### [WORK TO COMPLETE]
Write out each record exactly and skip every image.

[Saved entries]
■ ■ ■
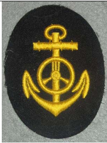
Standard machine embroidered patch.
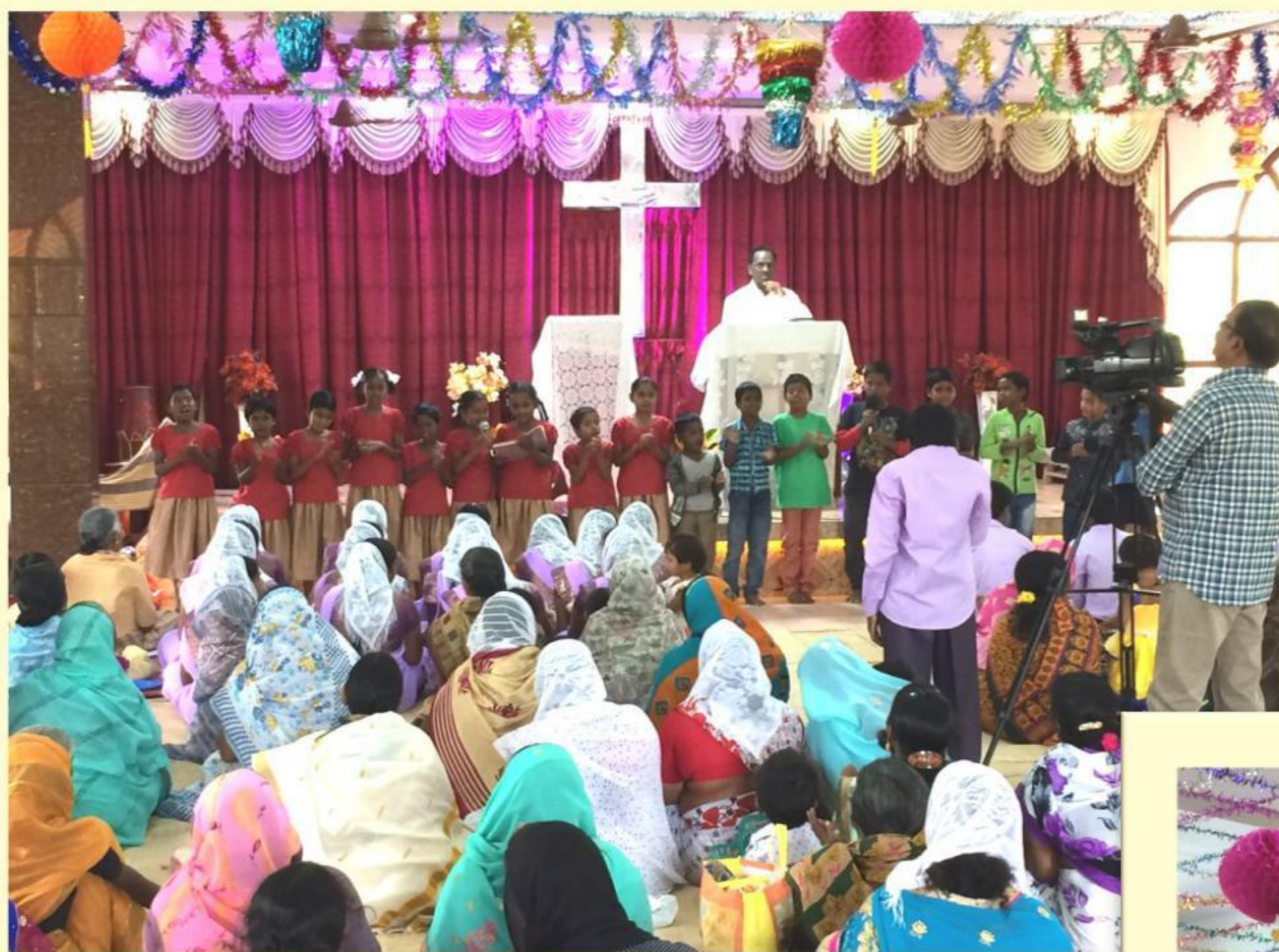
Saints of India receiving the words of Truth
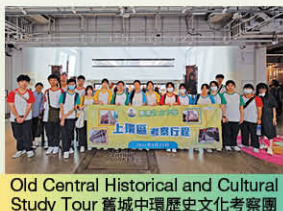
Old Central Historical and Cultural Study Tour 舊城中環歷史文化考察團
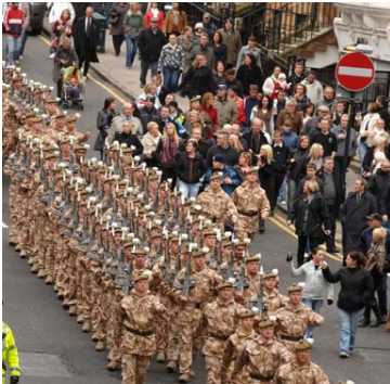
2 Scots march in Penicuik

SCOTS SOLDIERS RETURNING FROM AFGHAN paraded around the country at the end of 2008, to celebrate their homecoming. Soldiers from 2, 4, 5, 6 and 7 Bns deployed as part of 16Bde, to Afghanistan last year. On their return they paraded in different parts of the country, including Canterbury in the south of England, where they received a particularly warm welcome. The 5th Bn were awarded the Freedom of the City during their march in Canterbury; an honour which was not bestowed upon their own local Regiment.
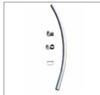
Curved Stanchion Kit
■ ■ ■
### [REPLY]
Standard machine embroidered patch.
Saints of India receiving the words of Truth
Old Central Historical and Cultural Study Tour 舊城中環歷史文化考察團
2 Scots march in Penicuik

SCOTS SOLDIERS RETURNING FROM AFGHAN paraded around the country at the end of 2008, to celebrate their homecoming. Soldiers from 2, 4, 5, 6 and 7 Bns deployed as part of 16Bde, to Afghanistan last year. On their return they paraded in different parts of the country, including Canterbury in the south of England, where they received a particularly warm welcome. The 5th Bn were awarded the Freedom of the City during their march in Canterbury; an honour which was not bestowed upon their own local Regiment.
Curved Stanchion Kit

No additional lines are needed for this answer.